• [EXERCISE INSTRUCTIONS] Copy out the data word for word, without any of its pictures.

• [INPUT DATA]
● ● ● ●

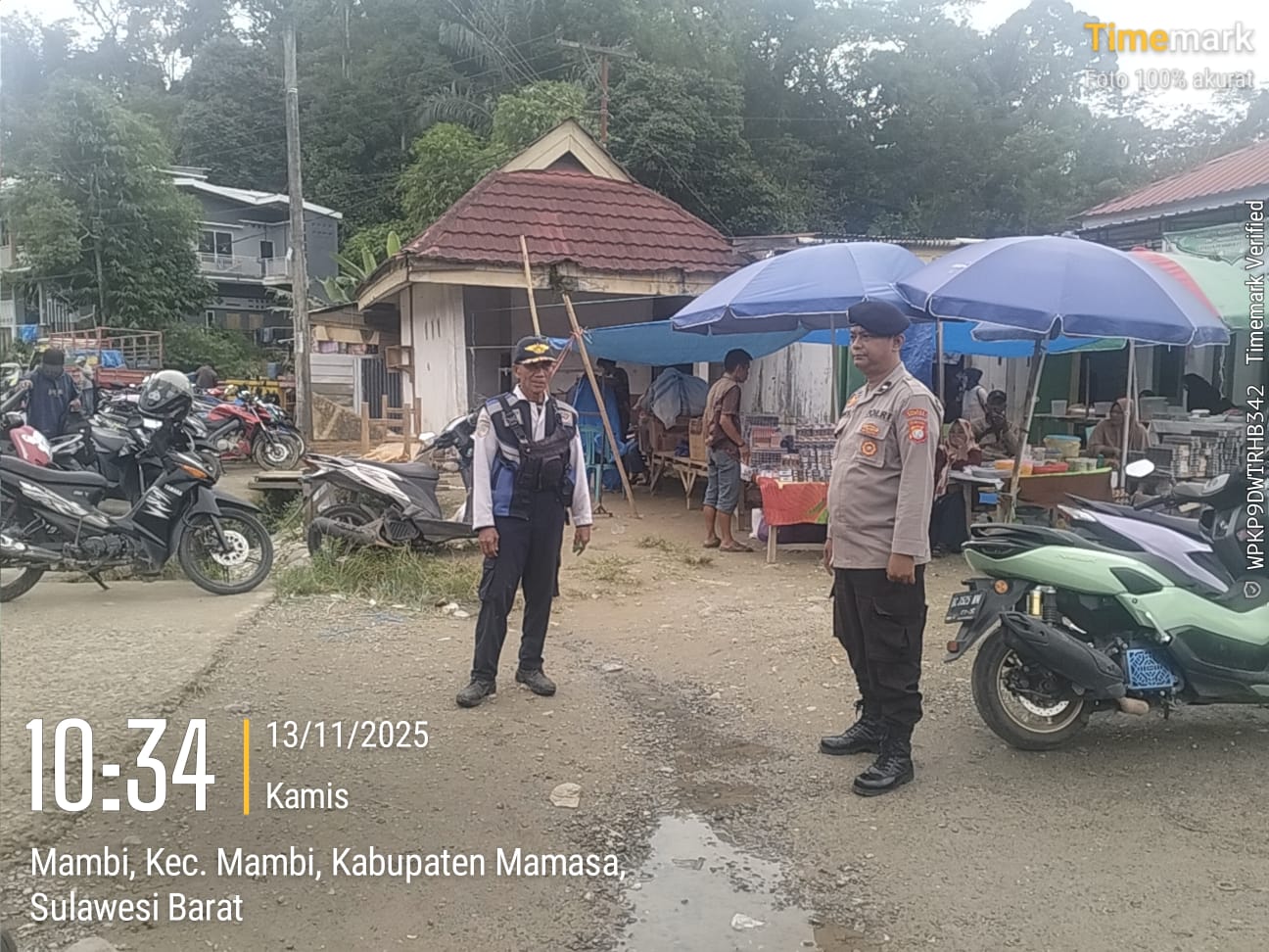 POLRES MAMASA–Personel Polsek Mambi melaksanakan kegiatan pengamanan (PAM) dan pengaturan arus lalu lintas di sekitar Pasar Mambi, Kecamatan Mambi, Kabupaten Mamasa, pada Kamis pagi, 13 November 2025
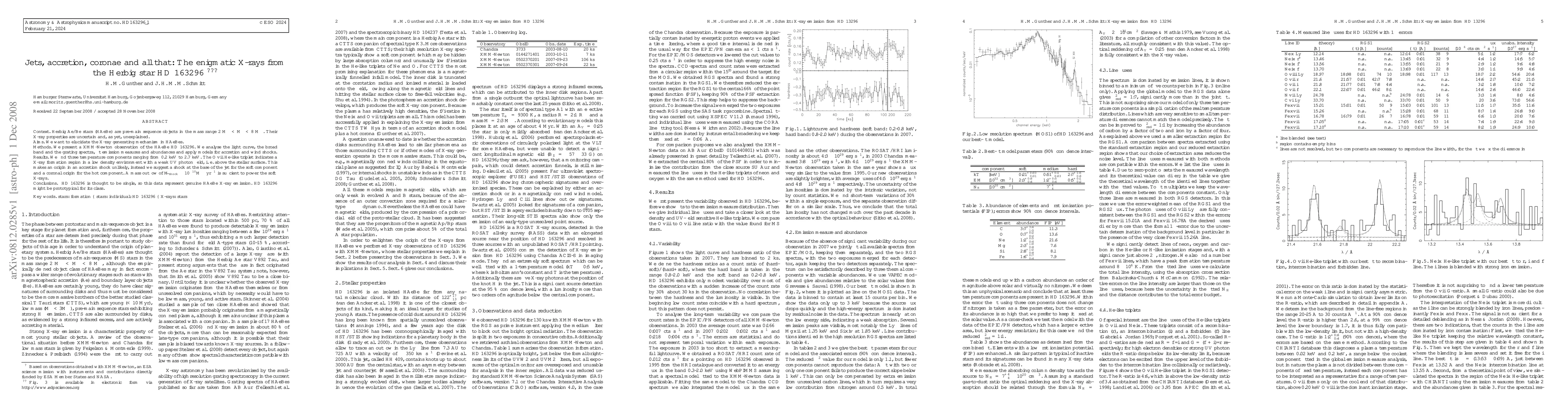 The XMM-Newton observation of HD 163296 reveals three temperature components of X-rays, suggesting a coronal origin for the hot component and an accretion shock at the base of the jet for the soft component.
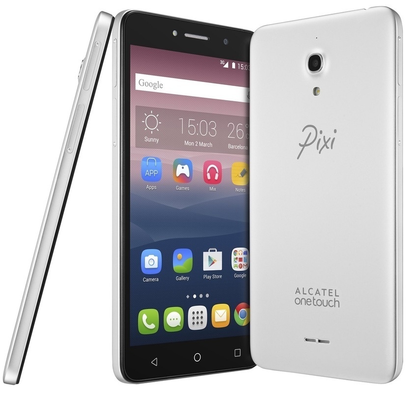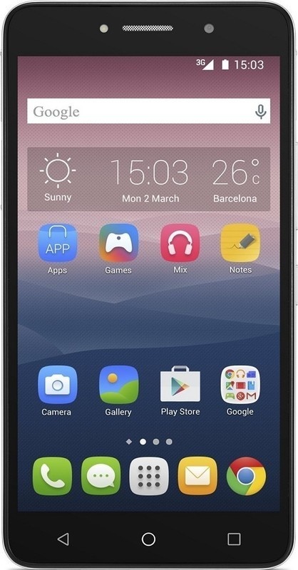 Smartphone Alcatel s displejem o uhlopříčce 6 palců s vnitřní pamětí 8 GB, zadním fotoaparátem s rozlišením 8 megapixelů a operačním systémem Android.

● ● ● ●

• [TASK RESPONSE]
 POLRES MAMASA–Personel Polsek Mambi melaksanakan kegiatan pengamanan (PAM) dan pengaturan arus lalu lintas di sekitar Pasar Mambi, Kecamatan Mambi, Kabupaten Mamasa, pada Kamis pagi, 13 November 2025
 The XMM-Newton observation of HD 163296 reveals three temperature components of X-rays, suggesting a coronal origin for the hot component and an accretion shock at the base of the jet for the soft component.
 Smartphone Alcatel s displejem o uhlopříčce 6 palců s vnitřní pamětí 8 GB, zadním fotoaparátem s rozlišením 8 megapixelů a operačním systémem Android.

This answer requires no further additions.